I think it's great you want to be able to share gaming with your S.O., but I think the most important thing is to find an understanding person.  Shared interests are important, but it's fine, even healthy, for two people in a relationship to have some activities they do on their own.  If your partner is respectful of your needs, they will understand gaming makes you happy and be happy for you.      Frankly, if a S.O. is against your gaming, that is a sign of their own insecurity and/or ignorance.  One of the people in our group is married with two kids and his wife still lets him game.  He misses about 40% of the sessions due to family obligations, but she knows that having some game time is important to him.  

Still, it wouldn't hurt to introduce a potential GF to D&D if you think she has the right qualities to enjoy it and be a good player.  I think longtime gamers can usually spot someone who "has the potential."  Remember though, that gaming with your S.O. carries its own issues, such as claims from other players that you are favoring your S.O.


----------



## Buttercup (Jun 6, 2004)

HellHound said:
			
		

> Heck, our eldest is planning a pick-up game of D&D at GenCon.



Is she?  That's awesome.  You have great kids, Hellhound.  They stole the show last year, and not just because they're cute as bugs.  They're smart and accomplished, too.


----------



## Buttercup (Jun 6, 2004)

die_kluge said:
			
		

> Most gamer girls I've ever met, aren't exactly best-in-show, if you know what I mean.



And most gamer guys are?


----------



## Crothian (Jun 6, 2004)

Buttercup said:
			
		

> And most gamer guys are?




Only the ones from EN World


----------



## Turanil (Jun 6, 2004)

> When I stopped playing with my former group, I think she wanted to know what the big deal was, so I tried to explain the concept of DND to her.
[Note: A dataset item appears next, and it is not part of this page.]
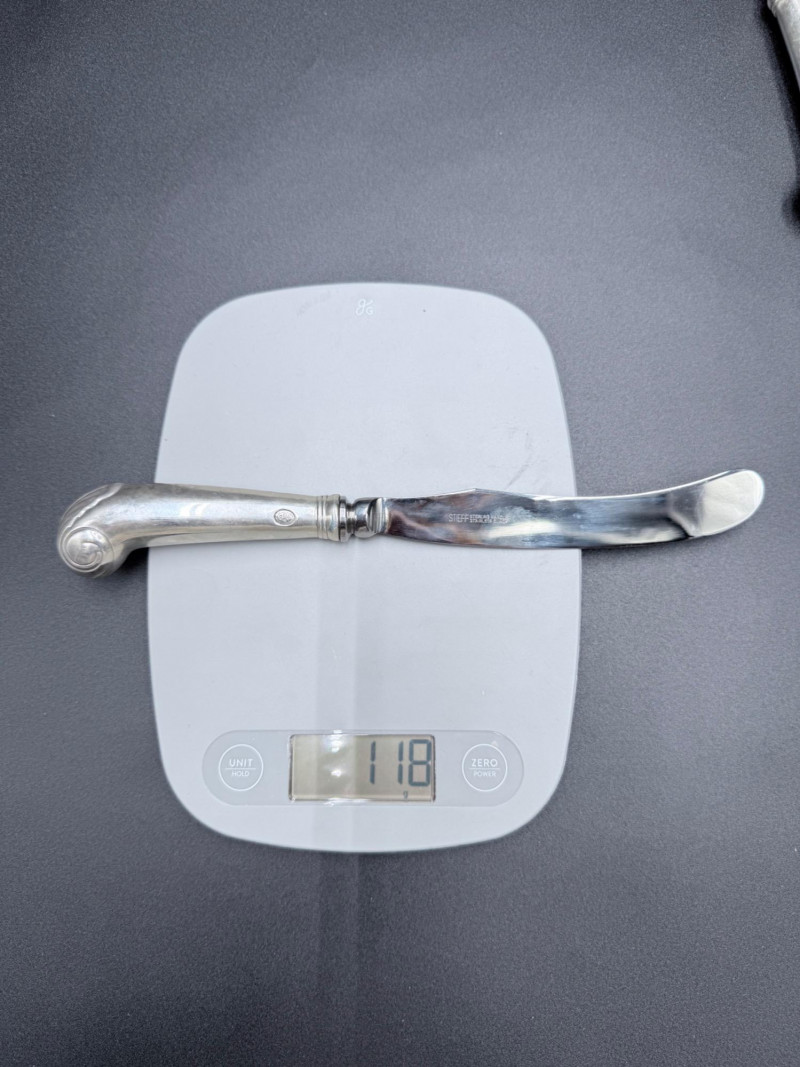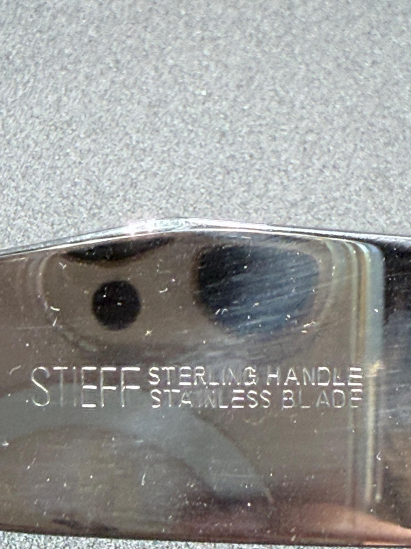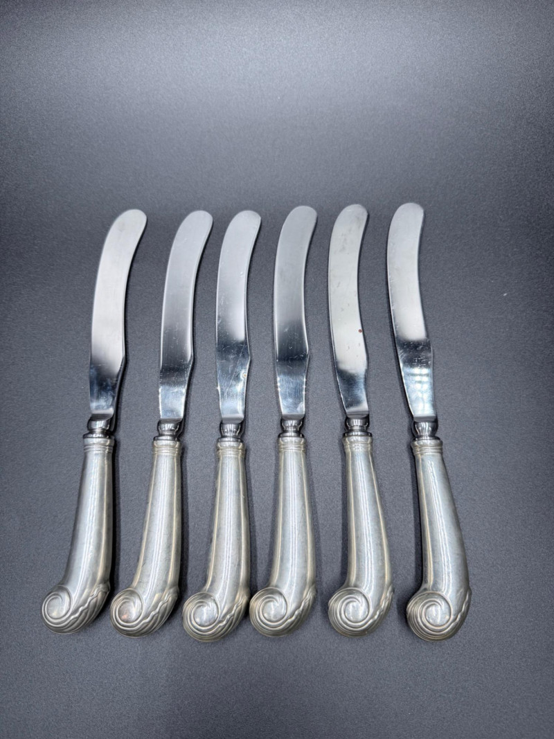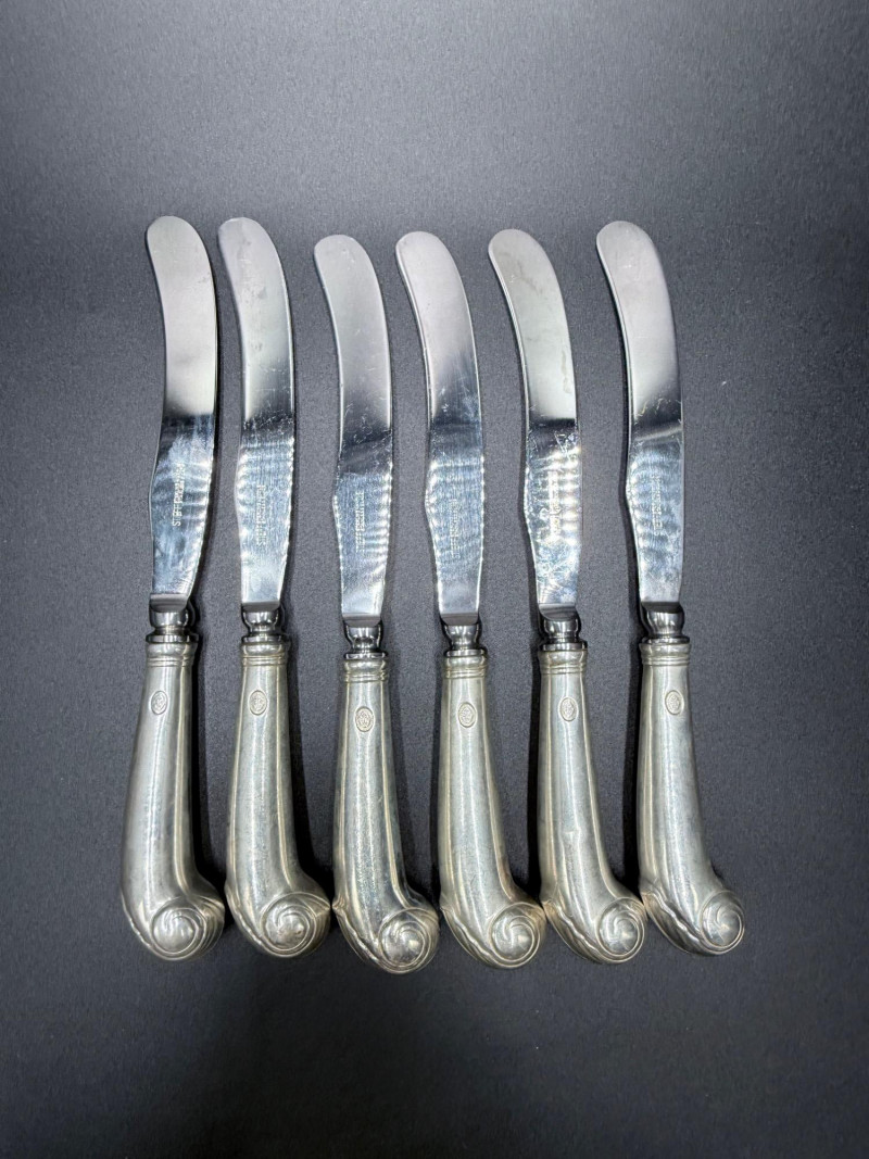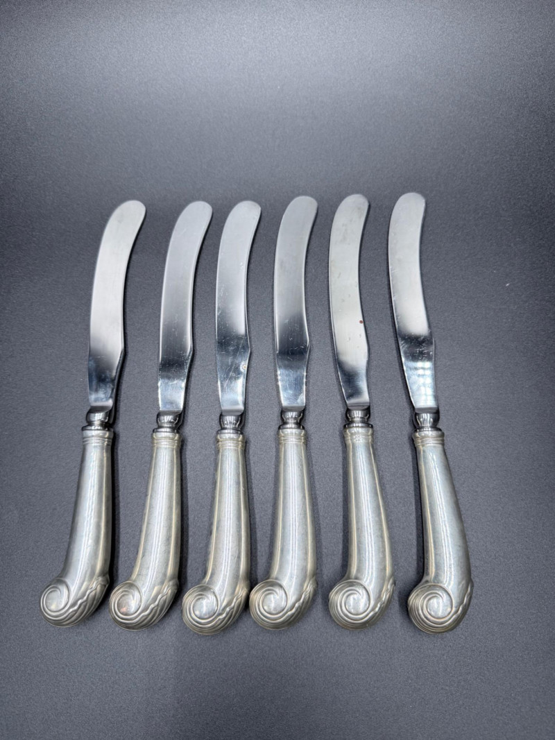 Set of 6 Stieff Sterling Silver Handle Knives Set of 6 table knives by Stieff. Each knife has a sterling silver handle with a scroll-end design and a stainless steel blade. Marked "Stieff Sterling Handle Stainless Blade." The Stieff hallmark is present on each handle. Approximate weight per knife: 118 grams.

Now we have a solo-campaign going on where she is a Half-Elf 3 Monk/1 Sorceress. I consider myself a very zealous gamer, but I am always surprised at how enthusiastic she is when asks if we can play.




This reminds me of when I was married (a long time ago), and introduced my wife to gaming. I went for a solo adventure in order to explain her the rules. As she played a sorceress, I had a paladin npc accompany her. Of course, my intent was to protect the sorceress during a fight, but she understood that differently. Thus, we only played for less than 30 minutes, as she wouldn't understand what's the real purpose of a paladin! (i.e.: to slay orcs and the like). Since, as the DM I had to play the paladin npc, we quickly ended... in bed. (of course I allowed my paladin to do that only because we were married in real life... ahaem...   ).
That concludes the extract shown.